The General Terms and Conditions of Logistics-Services Providers 2019 (Logistics GTC) were created with the participation of the Institute for Logistics Law and Risk Management (ILRM) and are recommended for use as of July 1, 2019 by the Federal Association of Road Haulage, Logistics and Disposal (BGL), the Federal Association of Furniture Forwarders and Logistics (AMÖ) and the German Association for Freight Forwarding and Logistics (DSLV).
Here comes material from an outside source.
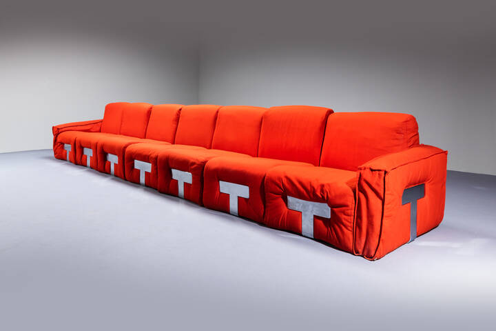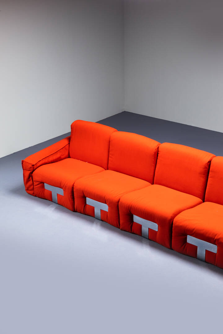 Divano modulare con imbottitura rivestita in tessuto. Anni '70 ogni modulo cm 72 [..]
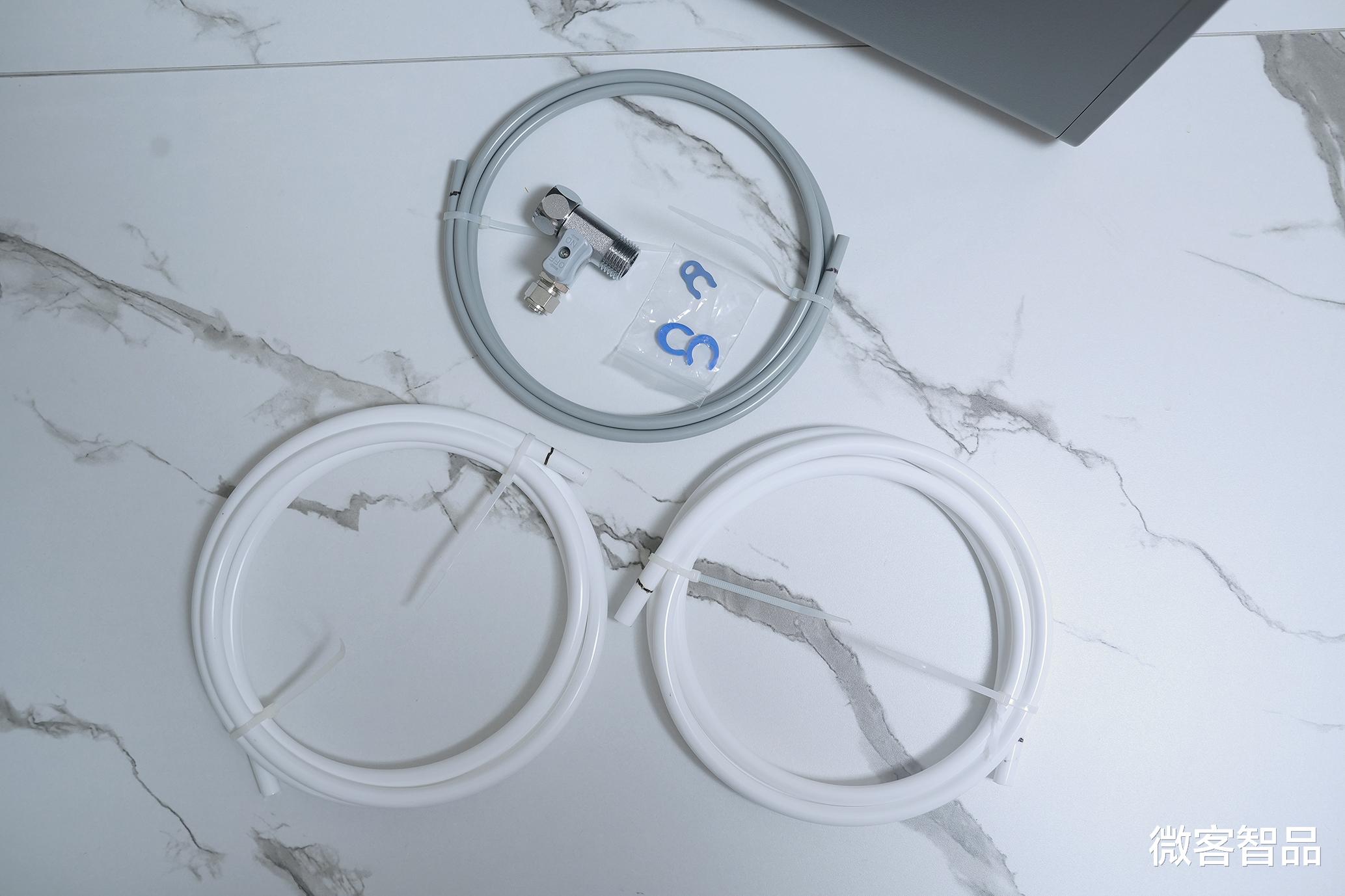 配件方面,除了说明书,还配备了出水龙头、PE管及相关配件。

This recommendation is non-binding and the contract parties are free to make agreements that deviate from the contents of this recommendation.
1. Scope of application, priority of ADSp 2017
1.1 These Logistics GTC apply to all (supplementary) logistics services that are not subject to
— a Freight Forwarding Contract (“Verkehrsvertrag”) according to the German Freight Forwarders’ Standard Terms and Conditions 2017 (ADSp 2017) or
— a transport, freight forwarding or warehousing contract but that are provided by the Service Provider and are commercially connected to such a contract, in particular to services within a supply chain.
Such logistics services may be activities for the Principal or third parties named by him, like, for example, order acceptance (call center), goods handling, goods inspection, goods preparation, country and customer-specific adaptation of goods, assembly, repair, quality control, price labeling, shelf service, installation or the placing into operation of goods and commodities or activities in connection with the planning, implementation, steering or control of the order, process, sales, recycling and information management.
1.2 Principal is that party that instructs his contracting partner with the provision of logistics services.
1.3 Service Provider is that party that has been instructed to provide logistics services.
1.4 If the ADSp have been agreed in addition to these Logistics GTC, the terms and conditions of the ADSp shall take precedence, insofar as individual clauses contradict each other.
1.5 A reference to the ADSp in these Logistics GTC always includes a reference to the current version in force at the time of conclusion of the contract, unless the parties have agreed to another version of the ADSp.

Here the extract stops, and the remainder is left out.